The legislature directed a survey of the historical ordinary high water mark of the Missouri River as part of Senate Bill 2134, approved last year to limit the state’s mineral rights to the original Missouri River channel.

Rights under Lake Sakakawea have been in contention for a number of years, with multiple parties claiming ownership. Uncertainty and litigation have deterred oil and gas development around the lake, which lies in the Bakken’s core.

The Department of Mineral Resources is overseeing the survey. They hired the firm Wenck and Associates to perform the task, using a 1950s survey of the river by the U.S. Army Corps of Engineers as their starting point.

Wenck’s report was to have been presented Wednesday to the North Dakota Industrial Commission, but an extension was granted instead.

Alison Ritter, spokeswoman for the Department of Mineral Resources, said the firm is allowed up to four 30-day extensions if needed. This is their first extension.

She thought the report would likely be ready in time for the Industrial Commission’s April 17 meeting.

Once the report has been presented to NDIC, it will be posted on the agency’s website. There will also be a 60-day public comment period, and a public hearing in Bismarck for public comments.

After that, the Industrial Commission will decide whether to adopt the survey.

However, a lawsuit has been filed recently that challenges the constitutionality of Senate Bill 2134, and asks the court to stop the survey altogether.

Rep. Marvin Nelson, D-Rolla, filed the suit, which contends that the state does own all the minerals under Lake Sakakawea, and that Senate Bill 2134 is a $1.76 billion giveaway of state property.

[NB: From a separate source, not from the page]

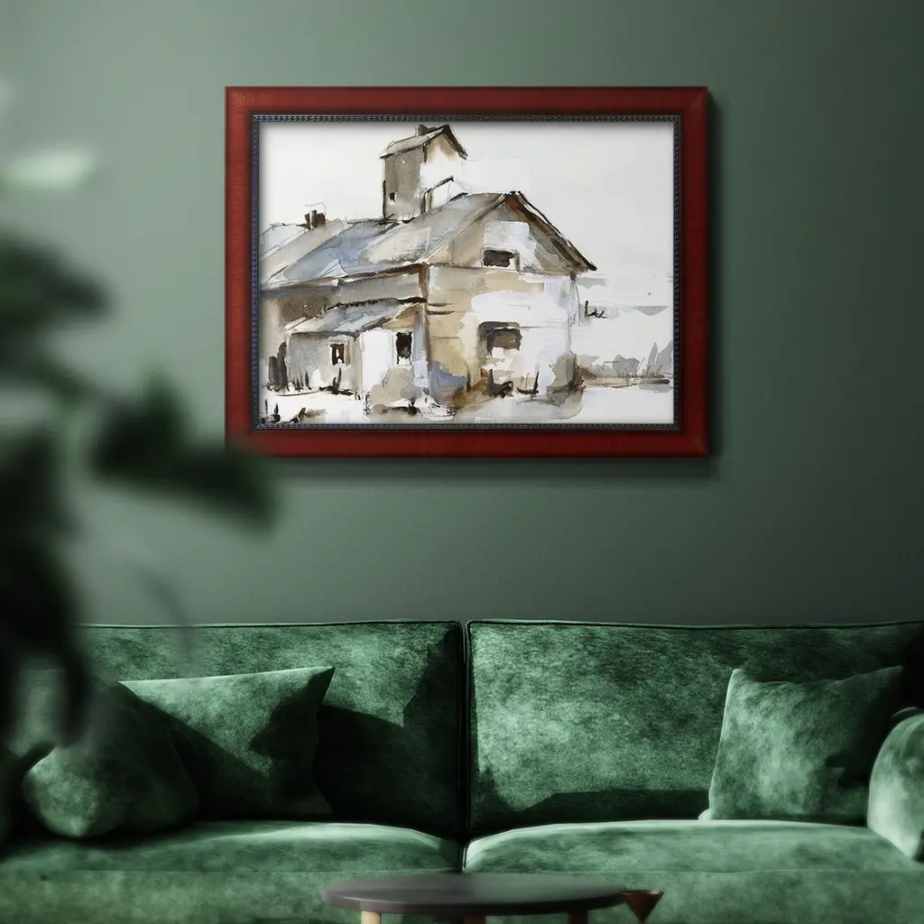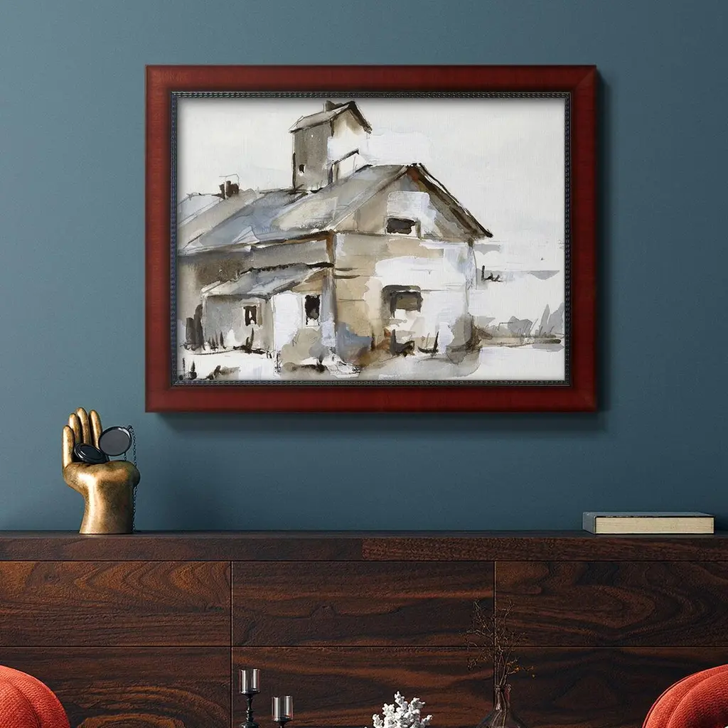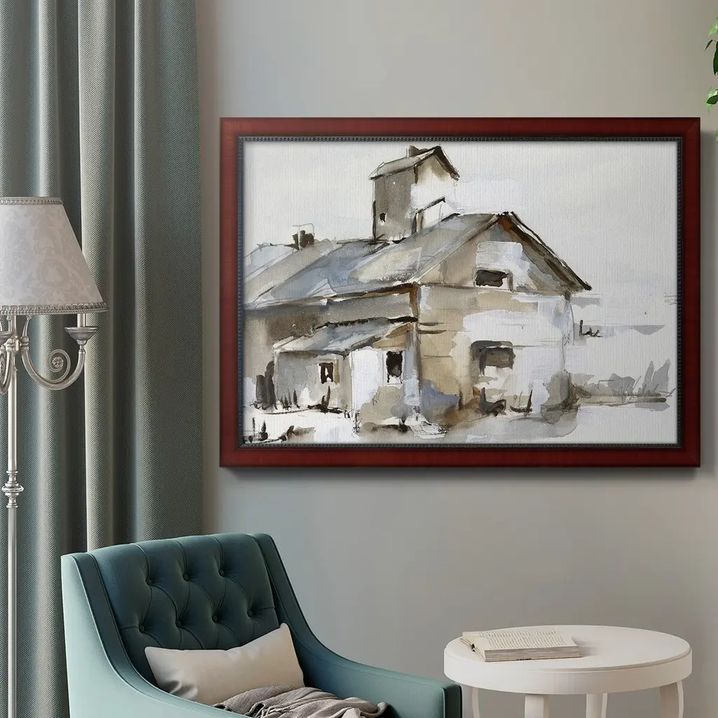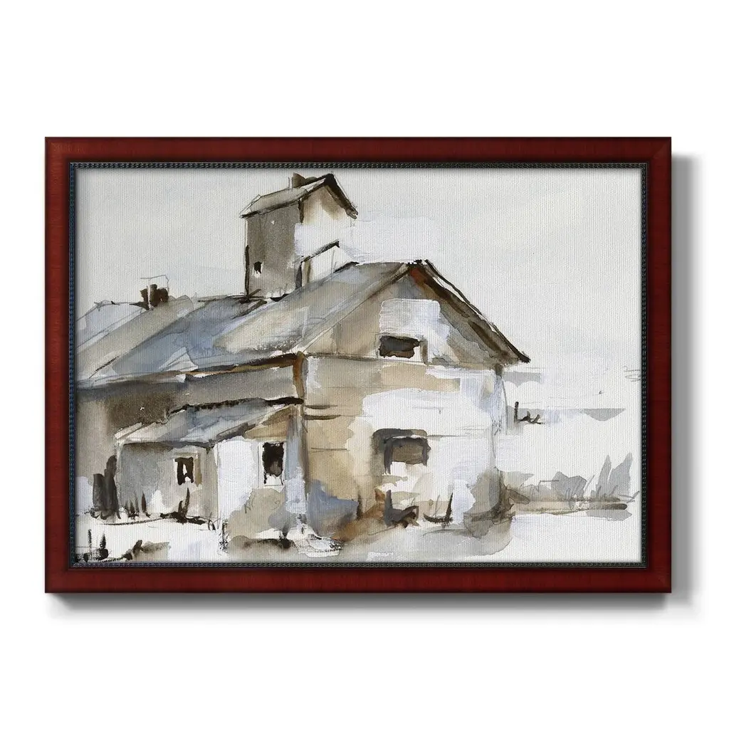 Dilapidated Barn II Premium Framed Canvas- Ready to Hang A Premium Framed Canvas created to last. Framed in distressed wood and available in an array of sizes and colors Featuring a beveled a solid wood stretcher bar, each piece comes ready to hand 3 SIZES AVAILABLE 16''X20'' - Overall Size 18'X27'' - Overall Size 24''x36'' - Overall Size Each piece is made to order. Each piece comes with hanging hardware. Made in the USA Ready to Hang Giclee Paper Print Acrylic Glass Beveled Matt Board

Hearings on the case have been scheduled for April 11 and 30 in Fargo.

Landowners have contended in other lawsuits that they have records showing that they have owned the disputed minerals for decades, and that the state has tried to swipe their mineral rights without due process.

In a victory for them, the Supreme Court had reversed a lower court decision that said the state owned the disputed mineral rights, and directed it to reconsider the case in light of Senate Bill 2134.